Sunday, July 22, 2007

Paris, KY on Stoner Creek

Paris, Kentucky was the first place I’ve been to in the United States that actually dates back to the Revolutionary War – it was settled in 1776. It’s got the oldest tavern in the U.S.A. (since 1788) and Daniel Boone used to slake his thirst there. Unfortunately it’s not open unless you call ahead, and we’re just not on the making-reservations-ahead-of-time tour of America. Alas.

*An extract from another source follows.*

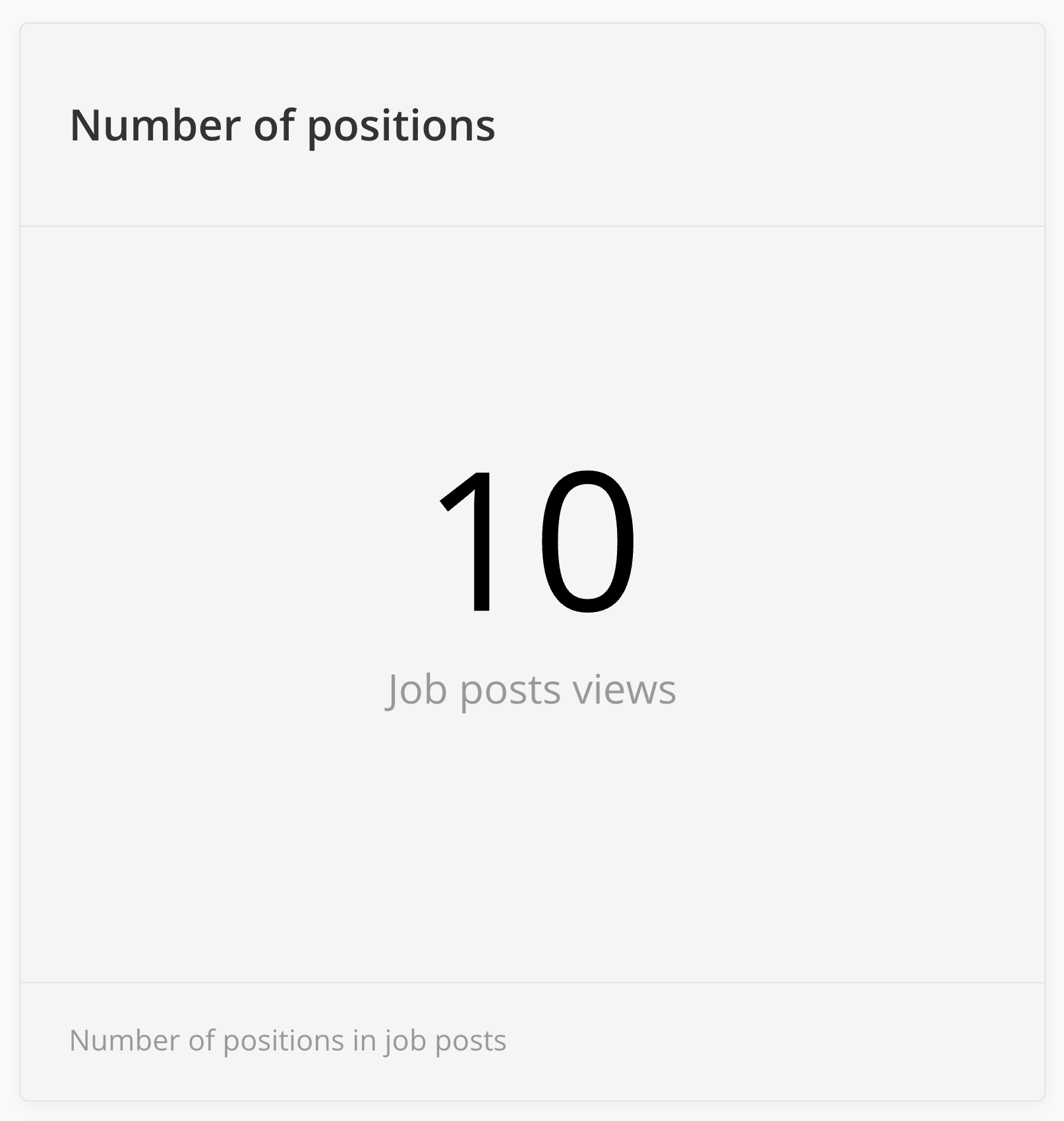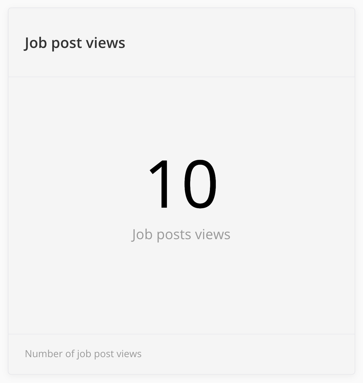 This widget shows the total number of job post views. Data for this widget is fetched from the RecMan System. Job posts can be Active, Expired, or Archived. Data is taken from Job posts with all statuses.

Paris, KY is probably the prettiest Paris we’ve seen in America. It’s truly committed to preserving its historic buildings and town square. At the County Courthouse we found the Eiffel Tower, which is a candleholder hanging on a wall inside the Chamber of Commerce. As the wine from our Equus Run wine tasting wore off, I got hungry (we’d skipped lunch), and slumped in the seat next to Win. She went into the Farmer’s Market and bought me some apples, inquiring about a place to stay. Apart from the Best Western, there wasn’t much except high end B&Bs, which the owner was kind enough to call around about.

When he reached Pat Conley, proprietor of the Treehouse at Stoner Creek, and told him two ladies from Texas were looking for lodging, Pat said No, he didn’t have any rooms left, but send those ladies down here anyway and I’ll give ‘em a boatride on the creek. As I bit into a tart little apple and Winnie explained all this to me, I resisted saying, “We’re going to go riding around on the river with some guy we don’t even know who doesn’t even have a place for us to sleep tonight? And it’s already 5:00 p.m.? And we’re doing this why, exactly?” I just munched my apple and kept my mouth shut.

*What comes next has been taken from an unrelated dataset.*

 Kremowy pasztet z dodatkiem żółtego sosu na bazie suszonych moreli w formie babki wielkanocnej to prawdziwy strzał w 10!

The Treehouse at Stoner Creek was the kind of place that made you wish you were the kind of people who made reservations (just a little bit). Tall and piney and smelling like fresh-cut wood, it had class. Pat Conley whisked us into his living room, poured us glasses of unsweet tea, and had us perched in the bow of his pontoon boat within 20 minutes. As we pottered along the creek he pointed out Kentucky standard bred horse farms, a tavern we could row his canoe to for dinner, some kids doing flips off the dam in the creek and turtles and great blue herons. He put a CD on (hip-hop music by a band from Bowling Green), pointed out the stormclouds that were roiling around and collecting above us, and kept trying to think of a way for us to stay.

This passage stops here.